Olha, se calhar vai-se a ver e é mesmo. Ahhhh, já podiam ter avisado. A malta escusava-se de se chatear, não é?

segunda-feira, agosto 22, 2005

De noite

A minha filha apesar de já ter 1 ano e 5 meses, ainda não diz nenhuma palavra de jeito, só agora começou a mastigar, só há 2 ou 3 semanas começou a andar, não dá beijinhos, não dá abracinhos e só faz festinhas ao avô, aos cães e a um boneco que tem na cama. São coisas que não me chateiam. Mesmo eu, que tenho 36 anos, só há pouco tempo apreendi a fazer saladinha de polvo (e tenho de o comprar já cozido). Ela, pois, que se desenrasque!

Por isso, é com inegável prazer que verifico, que por vezes ela acorda de noite, chora durante uns 3 ou 4 segundos, vai ao fundo da cama buscar o seu biberão, bebe um bocado de água e volta para os seus sonhos. E nós continuamos no nosso quarto e nem precisamos de nos levantar. Maravilha!!!

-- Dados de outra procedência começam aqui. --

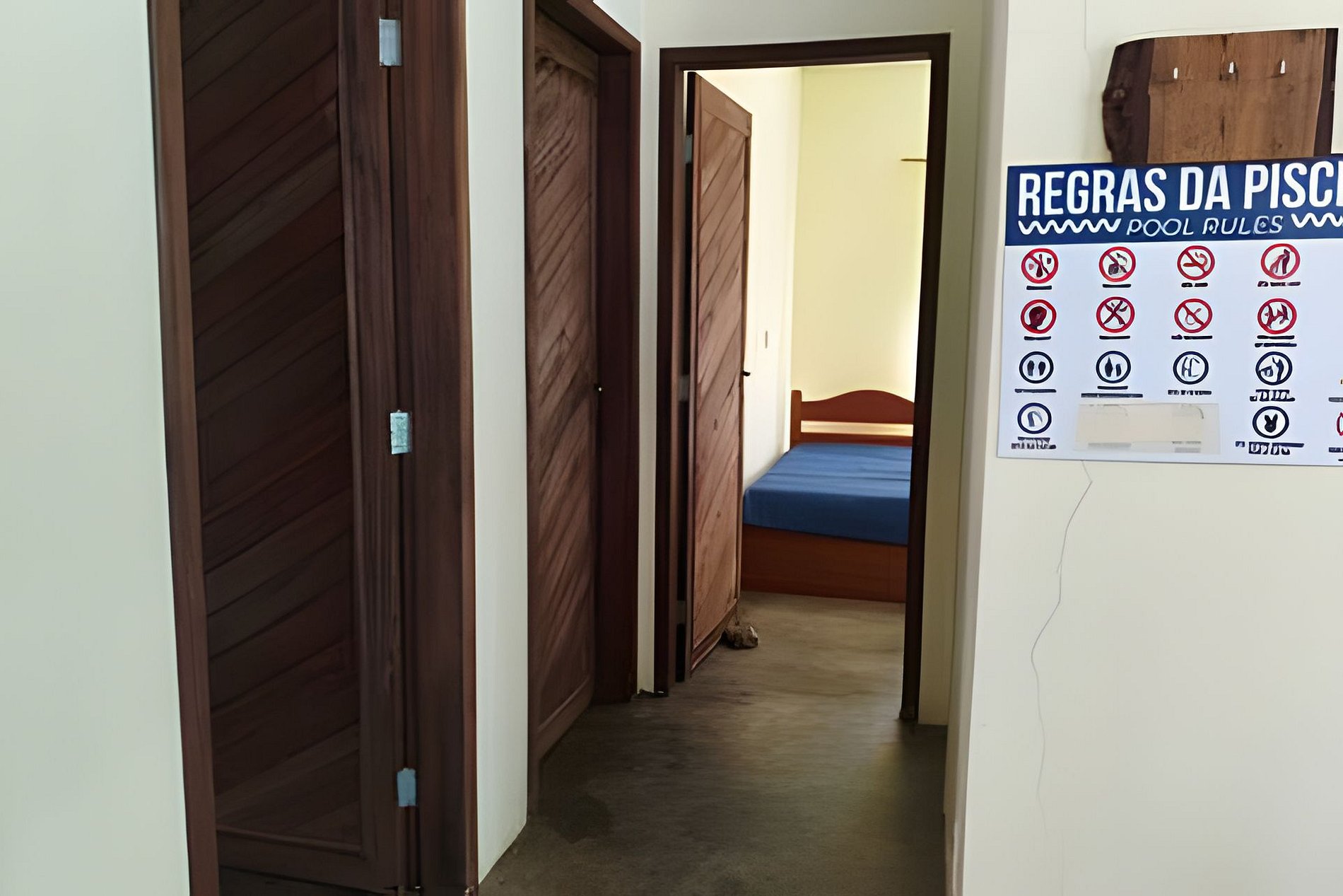 Por segurança, é proibido entrar na piscina com objetos de vidro, objetos duros ou com pets.

Olhe desculpe, tem aí uma bocadinho de coerência que me dispense?

Bonito, bonito, era a autora deste blog ter posto esta fotografia, assim, manipulada (como fazem com os que não querem ser reconhecidos, nas peças dos telejornais).

Ou por outro lado, assim está bem, uma vez que a miúda aparenta estar bem de saúde (e é bem giraça). Se estivesse adoentada é que não podia aparecer, não é?

Mais leituras

No post anterior ficaram-me a faltar estes:

A dor das crianças não mente - José Pedro Namora

Porque convém lembrar de vez em quando que foram crianças que foram violadas. E além disso, um estupro (um só que fosse) custa mais na alma e no cu do que uns meses de prisão preventiva.


Memória das minhas putas tristes - Gabriel García Márquez

Bom, bonito, pequenino e bem escrito. O primeiro (isto pode querer dizer que se calhar podem vir mais a seguir) que li deste senhor da terra do pózinho branco.


Sul - Miguel Sousa Tavares

Alguns trechos já os tinha lido na Grande Reportagem (no tempo em que era a melhor revista portuguesa), outros li-os na primeira edição deste livro, agora reli esses e deliciei-me com os novos relatos.

(Madrinha: foi uma boa ideia, sim senhor.)


A canção no tempo: 85 anos de músicas brasileiras. Vol. 2 - Zuza Homem de Melo e Severiano Jairo

Sempre a música brasileira. Uma pequenina enciclopédia com várias histórias sobre algumas das músicas que mais gosto. Muito bom.

sexta-feira, agosto 19, 2005

Leituras de cama, maca e sala de espera

...e enquanto eu ali estava deitado à espera que as dores passassem, fui mamando livros atrás de livros:

Deception Point - Dan Brown


Talvez o mais equilibrado de todos os que já li deste autor. Não tão bom como o Código da Vinci, não tão espalhafatoso como o Anjos e Demónios (ai meu Deus, aquele final é uma merda tão grande!...), não tão chato como o Digital Fortress.

E sempre aquele pedal do caraças, sempre a abrir, capítulo atrás de capítulo.



Amor é prosa, sexo é poesia - Arnaldo Jabor


Crónicas com pinta de post de blogs. O Brasil sem papas na lingua.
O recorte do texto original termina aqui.